Python: Security Fix and OpenSSL Updates
Python developers merged a critical pickle module security fix preventing segfaults during concurrent operations, while OpenSSL was upgraded to version 3.5.6 across all platforms.
Duration: PT1M58S
https://podlog.io/listen/python-f98f669e/episode/python-security-fix-and-openssl-updates-cee1baf6
Transcript
This is Python developer news for May 17th, 2026.
Farhan Saif merged a critical security fix for the pickle module that prevents segmentation faults when dictionaries are modified concurrently during pickling operations. The fix adds critical sections around borrowed reference handling in the `_pickle.c` module's `batch_dict_exact()` function. This change has been backported to Python 3.14.

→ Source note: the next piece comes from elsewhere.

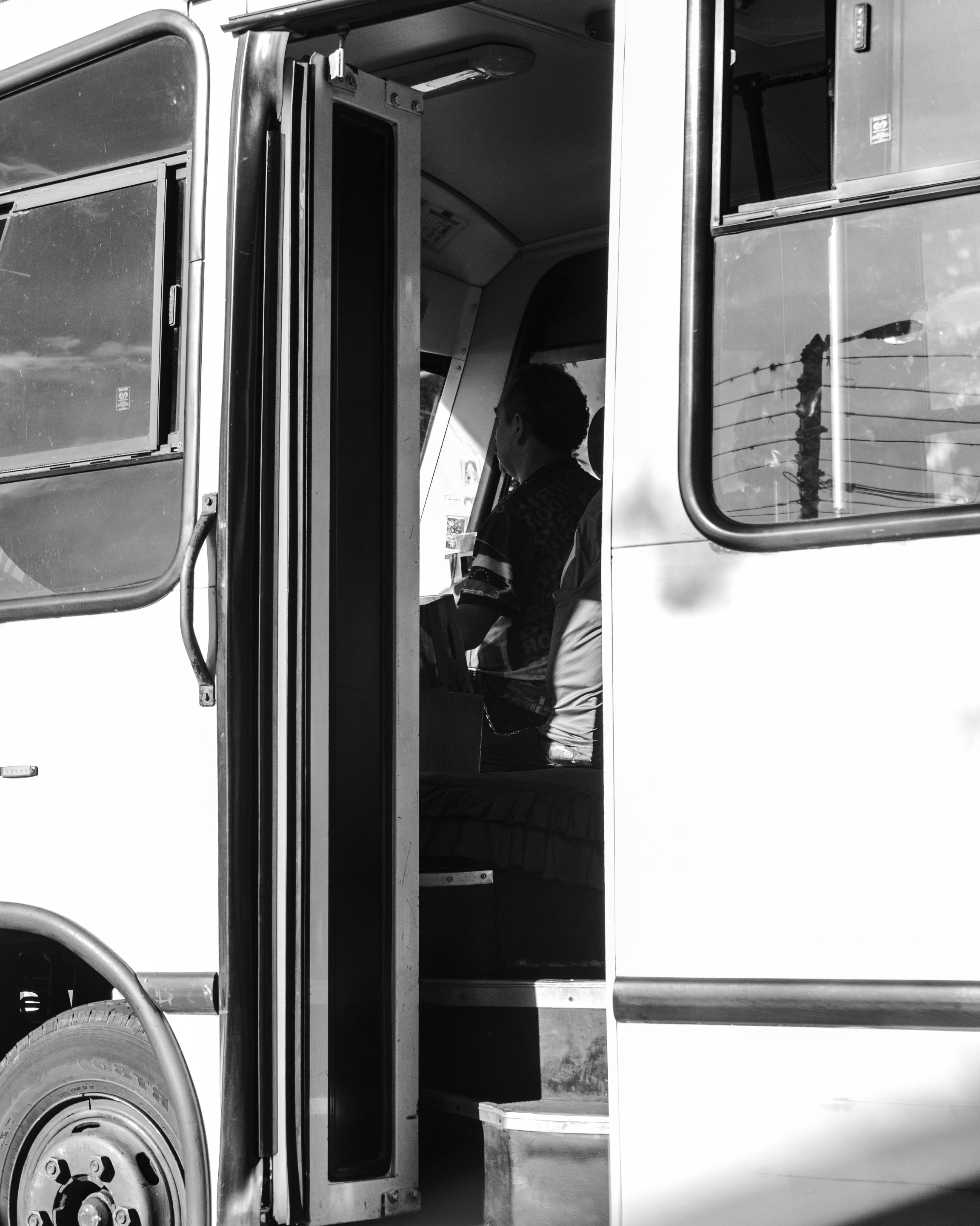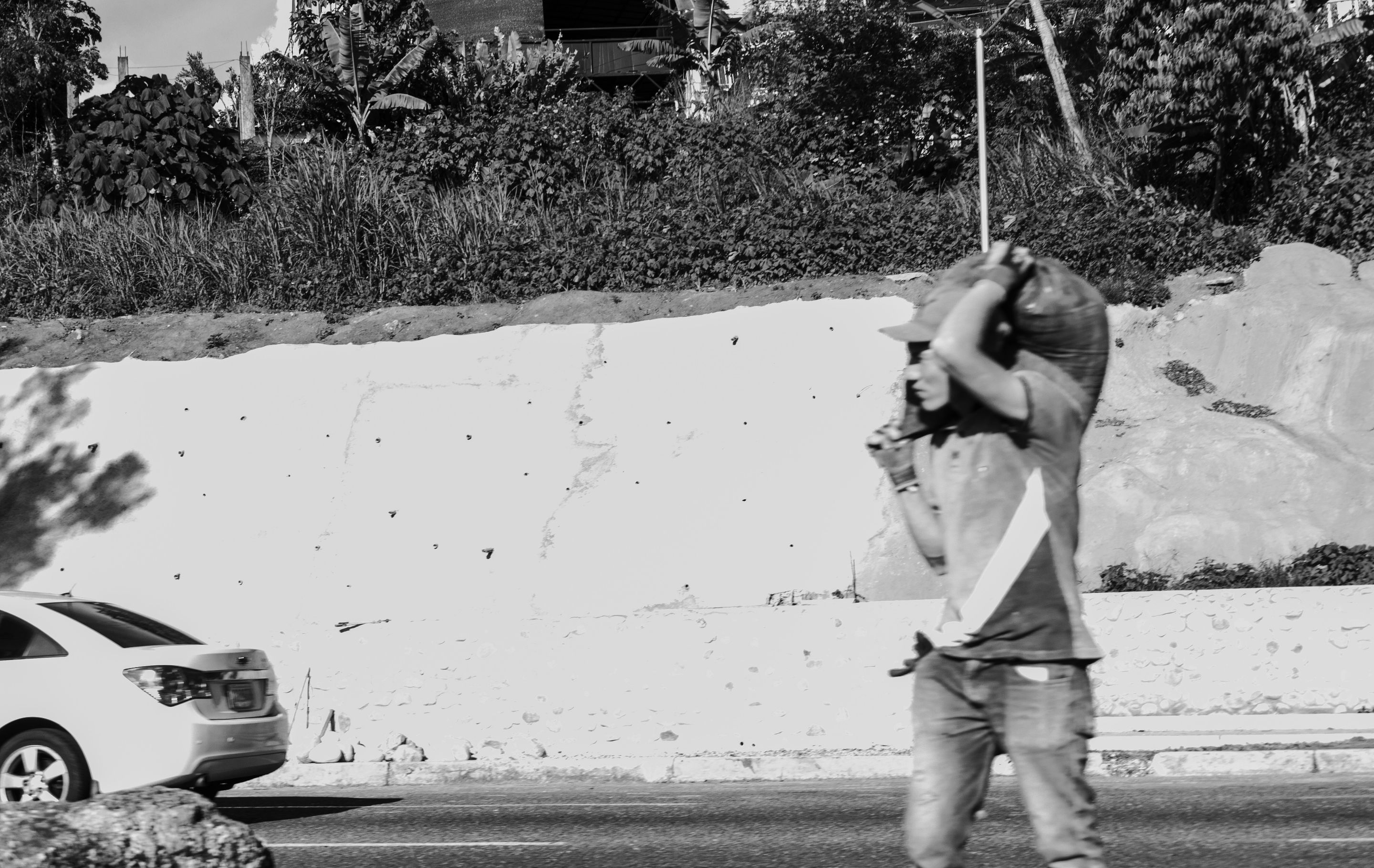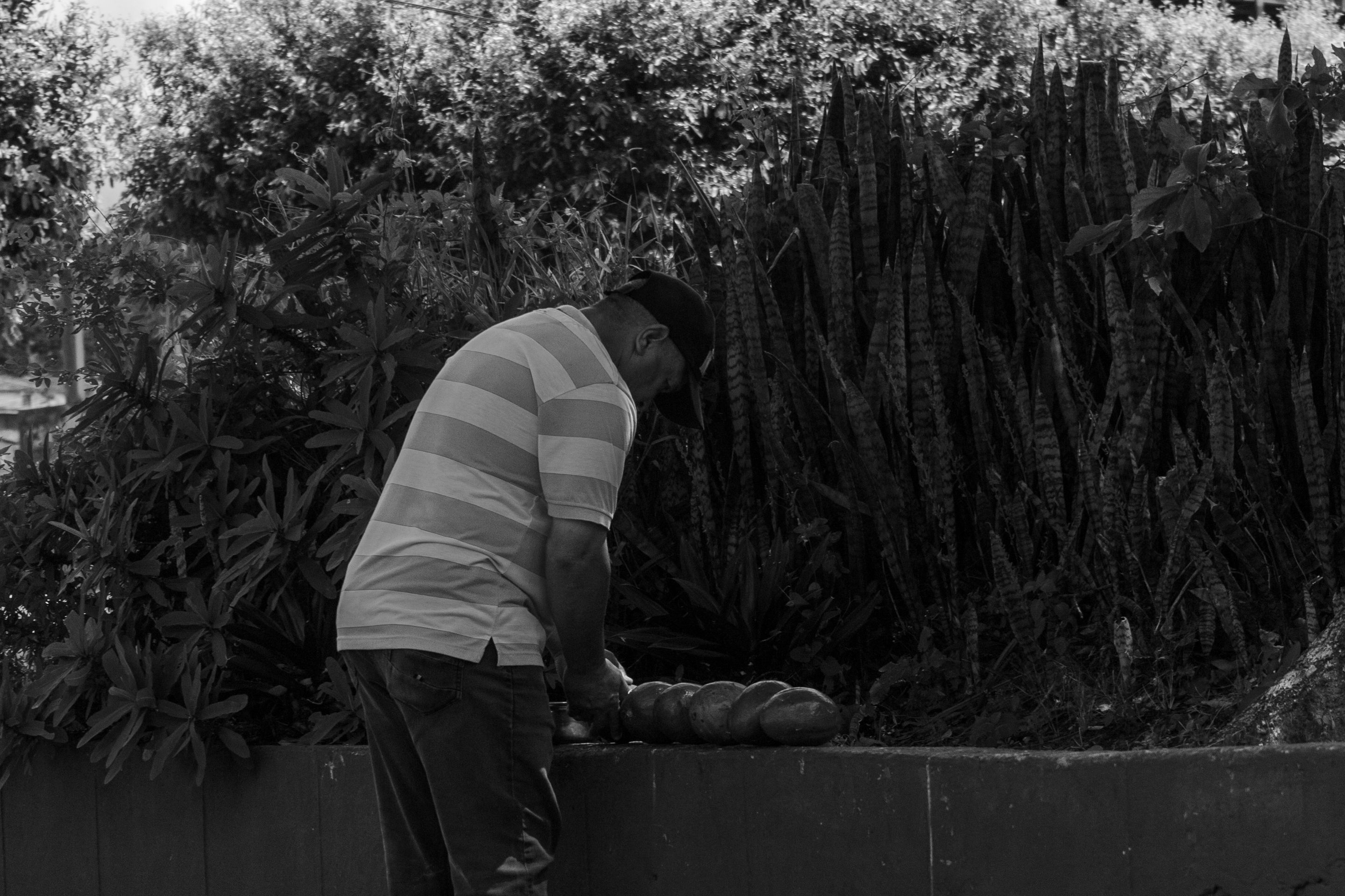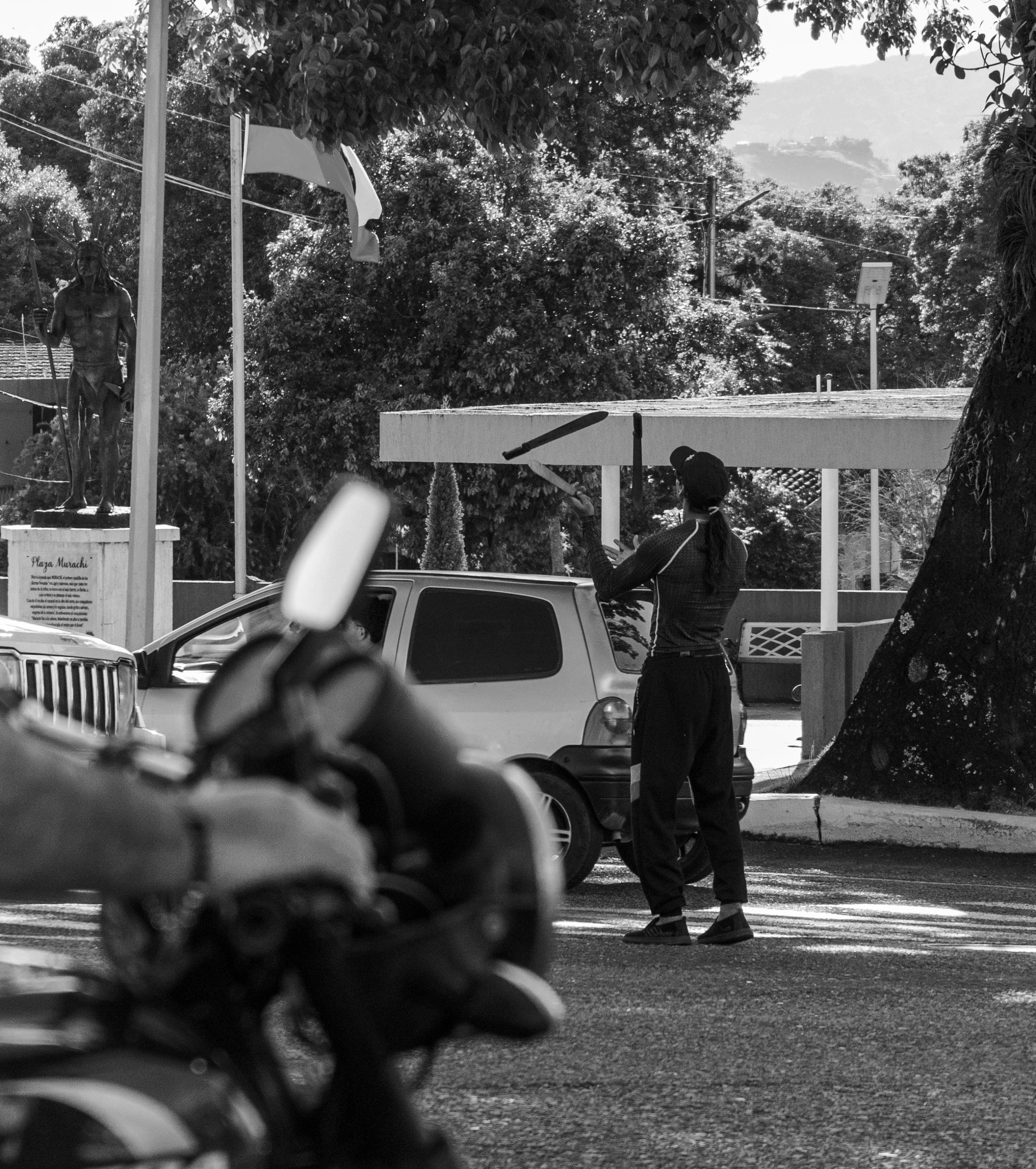 The following two photographs have the same theme: both people are informal vendors and sell fruit at the traffic lights. The first one sells strawberries, and the second one sells avocados:

OpenSSL has been upgraded to version 3.5.6 across all Python platforms. Zachary Ware updated Windows builds, Ned Deily handled macOS installer updates, and Russell Keith-Magee updated mobile platforms including iOS and Android. The CI pipeline has also been updated to use OpenSSL 3.5 for testing.
Mani Salahmand clarified documentation for multiprocessing Process arguments, replacing confusing wording about "unpickleable from within the child process" with clearer guidance that arguments usually need to be pickleable for transmission to child processes.
Savage Mechanic documented the flags argument for the IMAP4.append() method, specifying that it accepts either None or a string of IMAP flag tokens, with examples showing proper formatting.
Serhiy Storchaka restored commented-out test code in the email module's test_body_encode function, with the fix backported to Python versions 3.13, 3.14, and 3.15.
Looking ahead: The OpenSSL 3.5.6 upgrade represents a significant infrastructure update that affects security and compatibility across all Python distributions. The pickle security fix addresses potential crashes in multi-threaded applications using the pickle module.
That's your Python development update for today.